Wednesday, February 7, 2007

Under the Ice - for Fun!


When I was at university, I got a call from some people I knew at Canada's Fishery Research Board (FRB) wondering if I would like to go to the arctic to go diving under the ice in mid-winter. Natually I was concerned about my studies and a host of other important items, but after a pause of 30 nano-seconds, I signed on making up a team of three, two of us being divers.

We flew out to Edmonton and then north to Cambridge Bay. Once there we bunked in with a few 'old hands' as people called them back then, men who seemed to have lived most of their lives in various arctic towns with no visible means of support other than being handy at just about anything. When one old guy discovered I was a university student, he proudly informed me he had obtained his whole schooling off the back of match-boxes. As a chain-smoking man, he considered himself rather well educated, and in many ways, he was!

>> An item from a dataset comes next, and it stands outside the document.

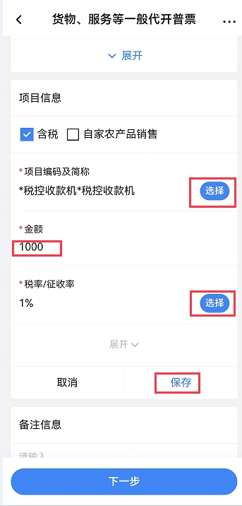 2.5、點(diǎn)擊“添加項目信息”錄入選擇項目編碼及簡稱、錄入金額,選擇稅率,點(diǎn)擊【保存】。
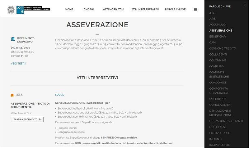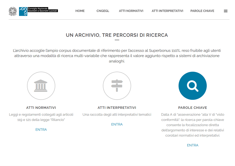 In primo piano nel sito viene dato risalto all’archivio in cui sono collocati tutti i documenti finora pubblicati da ogni fonte ufficiale sul Superbonus 110%. La pubblicazione è in ordine cronologico e la funzione di ricerca è per atto normativo, atto interpretativo e per parola chiave. Questo criterio consente di trovare sempre il testo richiesto, che per gli atti interpretativi è implementato anche da un’icona colorata, per identificarne più facilmente l’ente pubblico di provenienza, e un link che permette di individuare facilmente il passaggio del testo in cui si trova la parola ricercata.

We hired an Inuk snow machine driver to pull an 8 x 8 x 8 plywood shack on skids over the sea ice for about 40 miles to a small lake where the men from the FRB had been conducting a lake productivity study the previous summer. Once there, we set to chain-sawing a hole down into the lake water, about a meter down into the ice. That was done with the usual amount of cursing and tom-foolery associated with working outside when it's far too cold to work outside. Then the hut, which had a diving hole set into the floor, was manouvered over the pool of smoking water. We then banked up the shack's sides around the bottom with snow blocks to prevent the water from freezing too hard over night. Finally, after a long day, we retired to a local Inuit house for the evening. It was dark by this time and about -40°C, so we were ready for something warm to eat.

I'll continue tomorrow...

Note: the snow machine we used was built by Bombardier, makers of the 'Ski-Doo'. It was an incredible machine seating 7 people more or less comfortably and was once seen everywhere in Canada's arctic. Alas, they are now only seen in museums. The Bombardier company now makes planes and subway cars around the world and recently celebrated the 100th anniversary of it's founder, Armand Bombardier.